> [Goal of the exercise]
Retype each line of the data below exactly, beginning with the first and ending with the one that contains "at one end. |". Pictures do not belong in the copy.
··· Data provided
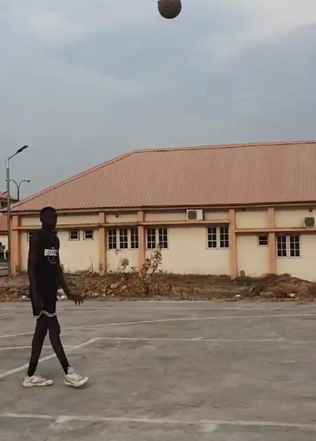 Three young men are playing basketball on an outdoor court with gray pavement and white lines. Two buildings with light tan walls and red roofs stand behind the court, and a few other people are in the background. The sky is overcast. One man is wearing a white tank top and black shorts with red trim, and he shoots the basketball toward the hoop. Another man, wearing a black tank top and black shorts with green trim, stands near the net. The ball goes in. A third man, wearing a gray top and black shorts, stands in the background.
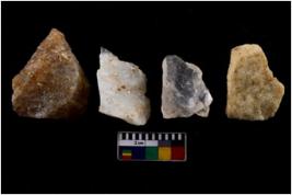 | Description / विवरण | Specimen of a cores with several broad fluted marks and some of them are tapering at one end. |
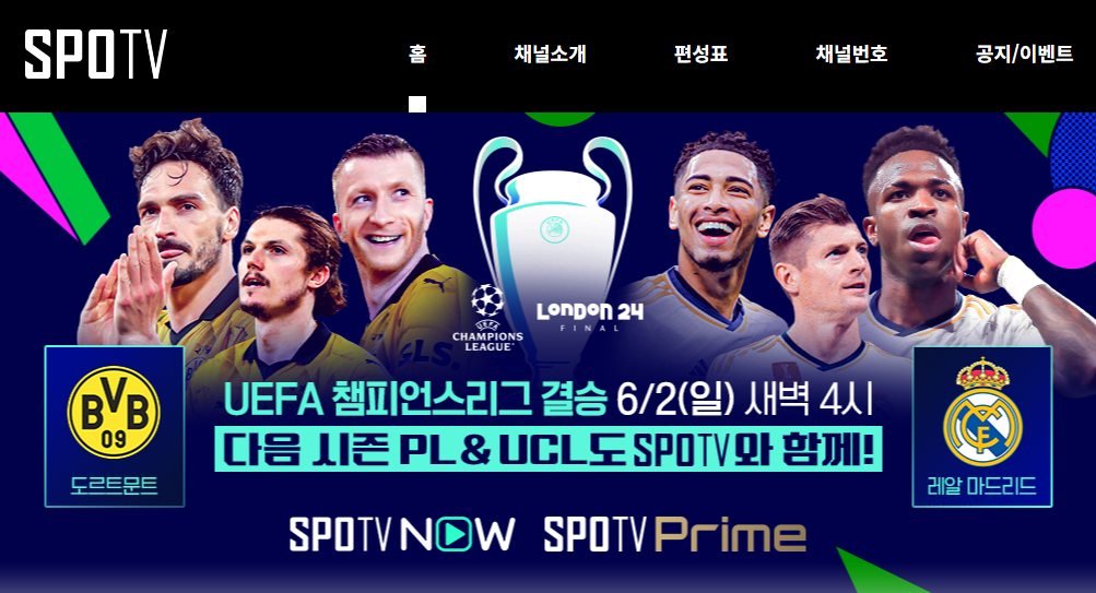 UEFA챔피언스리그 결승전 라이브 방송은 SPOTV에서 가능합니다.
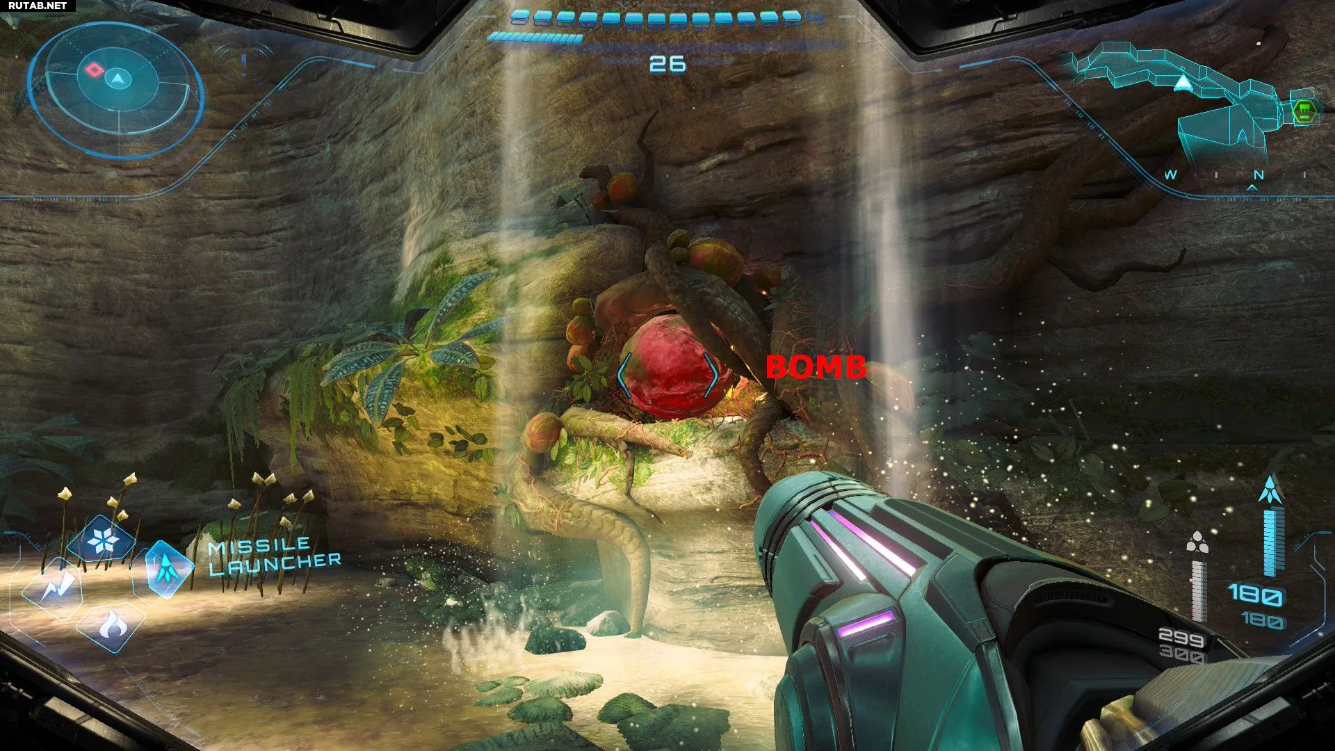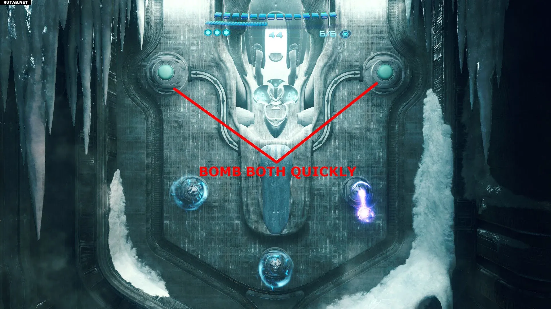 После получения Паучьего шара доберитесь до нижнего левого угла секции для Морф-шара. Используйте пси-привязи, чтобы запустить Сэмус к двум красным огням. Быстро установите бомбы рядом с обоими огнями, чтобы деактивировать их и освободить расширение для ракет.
······
> [Result]
 Three young men are playing basketball on an outdoor court with gray pavement and white lines. Two buildings with light tan walls and red roofs stand behind the court, and a few other people are in the background. The sky is overcast. One man is wearing a white tank top and black shorts with red trim, and he shoots the basketball toward the hoop. Another man, wearing a black tank top and black shorts with green trim, stands near the net. The ball goes in. A third man, wearing a gray top and black shorts, stands in the background.
 | Description / विवरण | Specimen of a cores with several broad fluted marks and some of them are tapering at one end. |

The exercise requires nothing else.